Activity: Give the entries again exactly; drop the pictures.

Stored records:
----------------------------------------
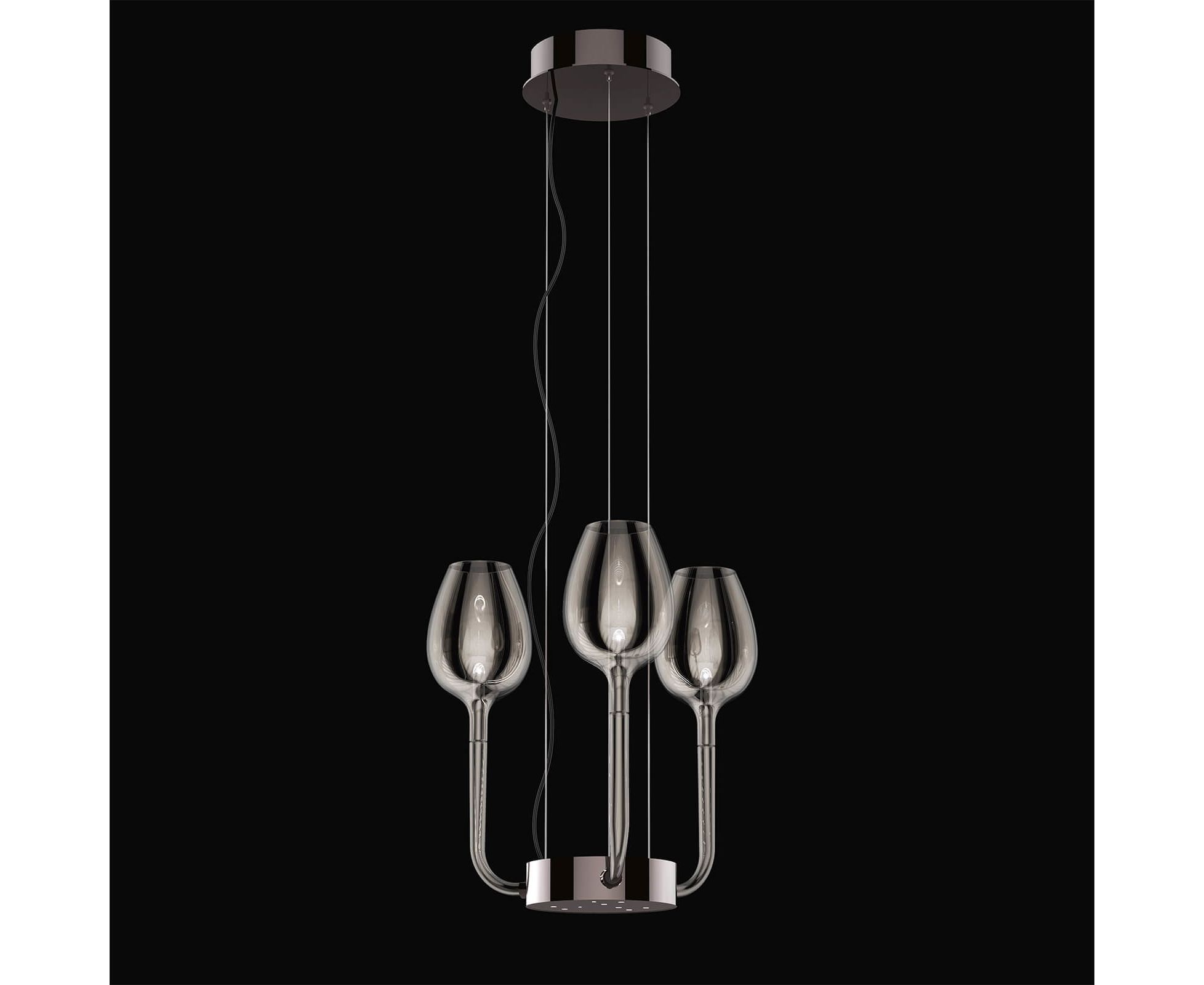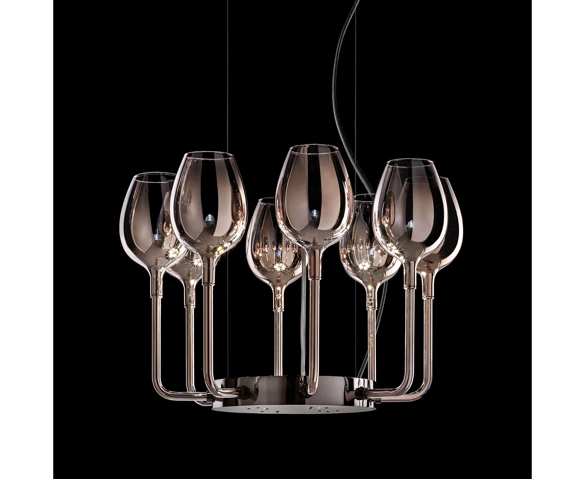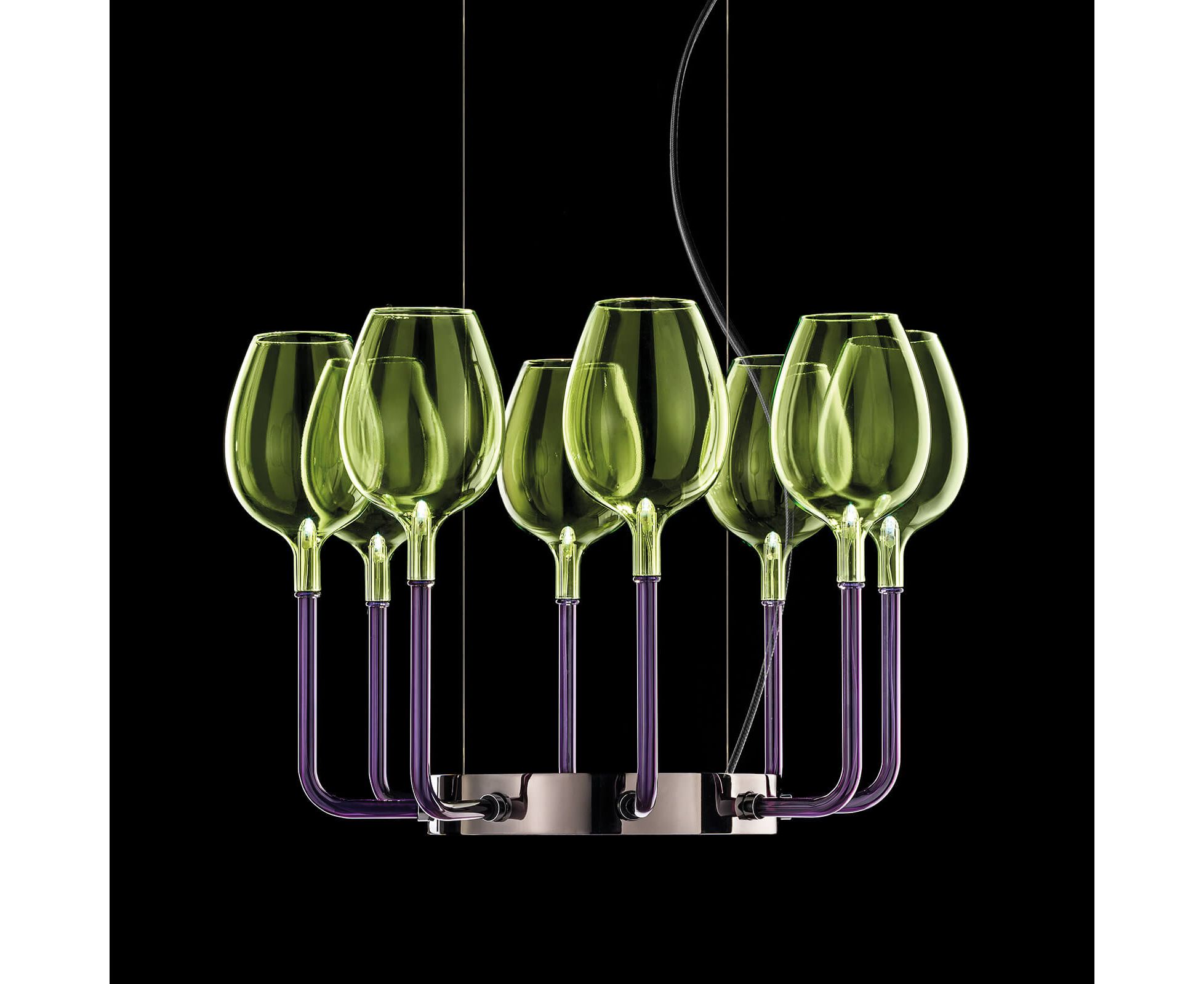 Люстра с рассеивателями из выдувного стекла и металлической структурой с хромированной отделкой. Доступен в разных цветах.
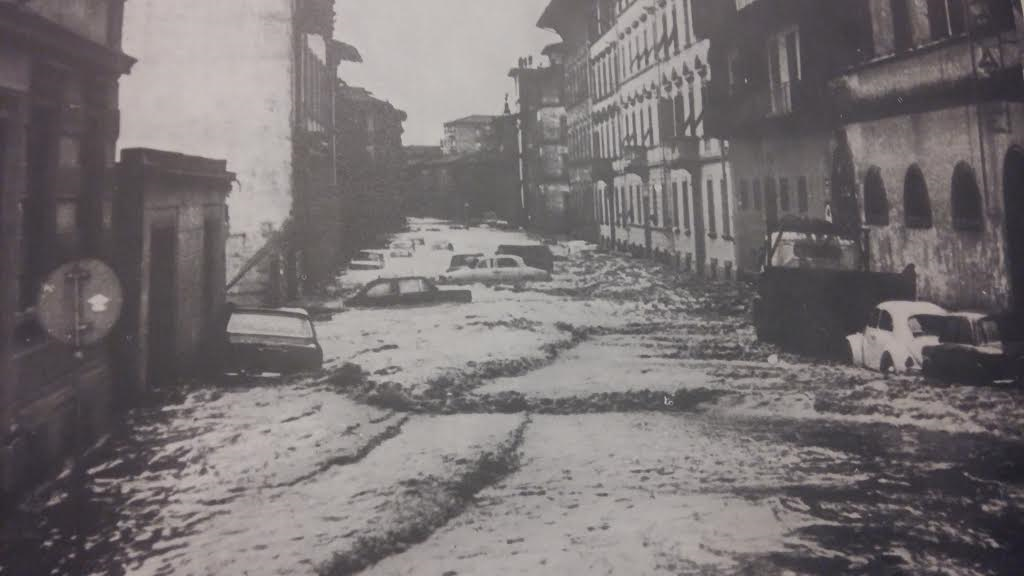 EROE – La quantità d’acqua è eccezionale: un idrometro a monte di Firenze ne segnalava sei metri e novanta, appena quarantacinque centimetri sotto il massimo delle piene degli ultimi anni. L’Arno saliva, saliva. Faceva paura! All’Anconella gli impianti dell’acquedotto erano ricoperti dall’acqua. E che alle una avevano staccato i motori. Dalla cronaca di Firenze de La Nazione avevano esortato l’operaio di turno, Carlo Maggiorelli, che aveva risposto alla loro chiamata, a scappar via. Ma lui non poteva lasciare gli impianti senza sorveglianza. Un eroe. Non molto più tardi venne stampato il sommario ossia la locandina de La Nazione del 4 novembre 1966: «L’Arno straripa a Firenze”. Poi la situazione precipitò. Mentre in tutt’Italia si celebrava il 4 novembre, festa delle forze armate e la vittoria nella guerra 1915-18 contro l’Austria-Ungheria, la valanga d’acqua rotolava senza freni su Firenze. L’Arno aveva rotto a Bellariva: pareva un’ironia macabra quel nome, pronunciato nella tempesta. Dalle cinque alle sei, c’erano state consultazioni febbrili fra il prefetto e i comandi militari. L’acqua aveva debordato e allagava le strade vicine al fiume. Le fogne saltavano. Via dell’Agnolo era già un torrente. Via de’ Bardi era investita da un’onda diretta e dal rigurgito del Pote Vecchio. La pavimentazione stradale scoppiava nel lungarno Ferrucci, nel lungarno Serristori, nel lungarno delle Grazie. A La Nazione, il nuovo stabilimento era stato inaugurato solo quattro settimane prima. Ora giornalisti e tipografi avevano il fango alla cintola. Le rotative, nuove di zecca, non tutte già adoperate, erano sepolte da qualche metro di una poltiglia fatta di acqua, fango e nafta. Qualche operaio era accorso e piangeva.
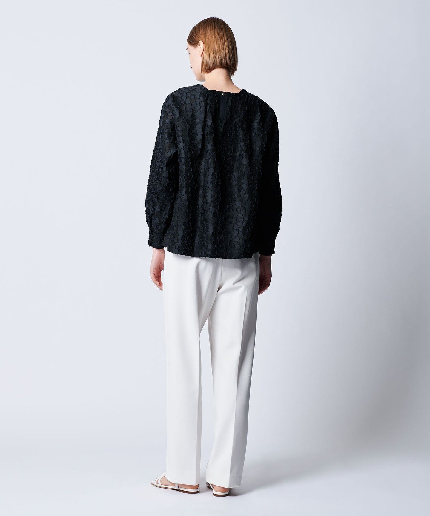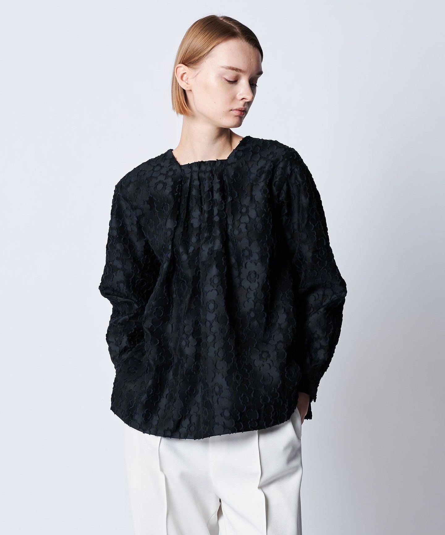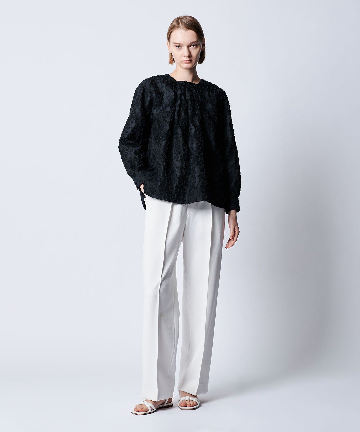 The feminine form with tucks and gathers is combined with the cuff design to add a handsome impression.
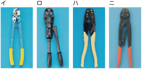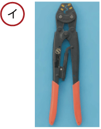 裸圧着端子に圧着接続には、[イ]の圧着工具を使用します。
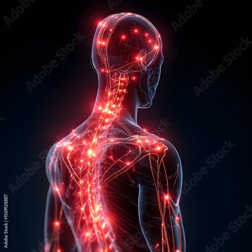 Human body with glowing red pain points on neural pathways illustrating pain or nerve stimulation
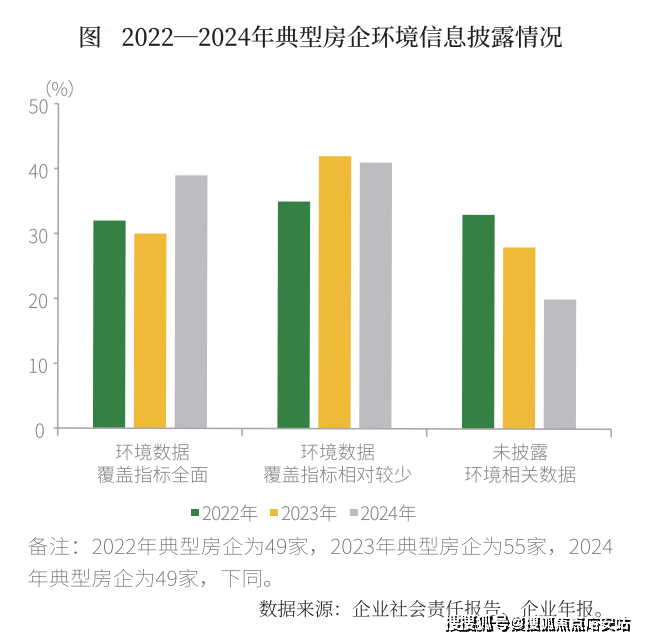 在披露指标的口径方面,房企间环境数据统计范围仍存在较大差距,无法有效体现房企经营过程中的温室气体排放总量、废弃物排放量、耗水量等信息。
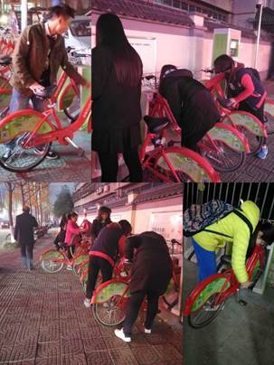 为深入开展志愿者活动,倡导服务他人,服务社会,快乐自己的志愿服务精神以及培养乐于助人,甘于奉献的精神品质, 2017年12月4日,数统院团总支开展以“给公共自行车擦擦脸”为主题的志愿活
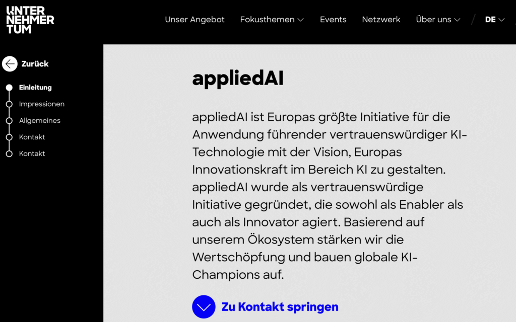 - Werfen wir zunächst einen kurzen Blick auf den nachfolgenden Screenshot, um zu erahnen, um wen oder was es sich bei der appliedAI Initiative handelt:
----------------------------------------
Exercise output:
 Люстра с рассеивателями из выдувного стекла и металлической структурой с хромированной отделкой. Доступен в разных цветах.
 EROE – La quantità d’acqua è eccezionale: un idrometro a monte di Firenze ne segnalava sei metri e novanta, appena quarantacinque centimetri sotto il massimo delle piene degli ultimi anni. L’Arno saliva, saliva. Faceva paura! All’Anconella gli impianti dell’acquedotto erano ricoperti dall’acqua. E che alle una avevano staccato i motori. Dalla cronaca di Firenze de La Nazione avevano esortato l’operaio di turno, Carlo Maggiorelli, che aveva risposto alla loro chiamata, a scappar via. Ma lui non poteva lasciare gli impianti senza sorveglianza. Un eroe. Non molto più tardi venne stampato il sommario ossia la locandina de La Nazione del 4 novembre 1966: «L’Arno straripa a Firenze”. Poi la situazione precipitò. Mentre in tutt’Italia si celebrava il 4 novembre, festa delle forze armate e la vittoria nella guerra 1915-18 contro l’Austria-Ungheria, la valanga d’acqua rotolava senza freni su Firenze. L’Arno aveva rotto a Bellariva: pareva un’ironia macabra quel nome, pronunciato nella tempesta. Dalle cinque alle sei, c’erano state consultazioni febbrili fra il prefetto e i comandi militari. L’acqua aveva debordato e allagava le strade vicine al fiume. Le fogne saltavano. Via dell’Agnolo era già un torrente. Via de’ Bardi era investita da un’onda diretta e dal rigurgito del Pote Vecchio. La pavimentazione stradale scoppiava nel lungarno Ferrucci, nel lungarno Serristori, nel lungarno delle Grazie. A La Nazione, il nuovo stabilimento era stato inaugurato solo quattro settimane prima. Ora giornalisti e tipografi avevano il fango alla cintola. Le rotative, nuove di zecca, non tutte già adoperate, erano sepolte da qualche metro di una poltiglia fatta di acqua, fango e nafta. Qualche operaio era accorso e piangeva.
 The feminine form with tucks and gathers is combined with the cuff design to add a handsome impression.
 裸圧着端子に圧着接続には、[イ]の圧着工具を使用します。
 Human body with glowing red pain points on neural pathways illustrating pain or nerve stimulation
 在披露指标的口径方面,房企间环境数据统计范围仍存在较大差距,无法有效体现房企经营过程中的温室气体排放总量、废弃物排放量、耗水量等信息。
 为深入开展志愿者活动,倡导服务他人,服务社会,快乐自己的志愿服务精神以及培养乐于助人,甘于奉献的精神品质, 2017年12月4日,数统院团总支开展以“给公共自行车擦擦脸”为主题的志愿活
 - Werfen wir zunächst einen kurzen Blick auf den nachfolgenden Screenshot, um zu erahnen, um wen oder was es sich bei der appliedAI Initiative handelt:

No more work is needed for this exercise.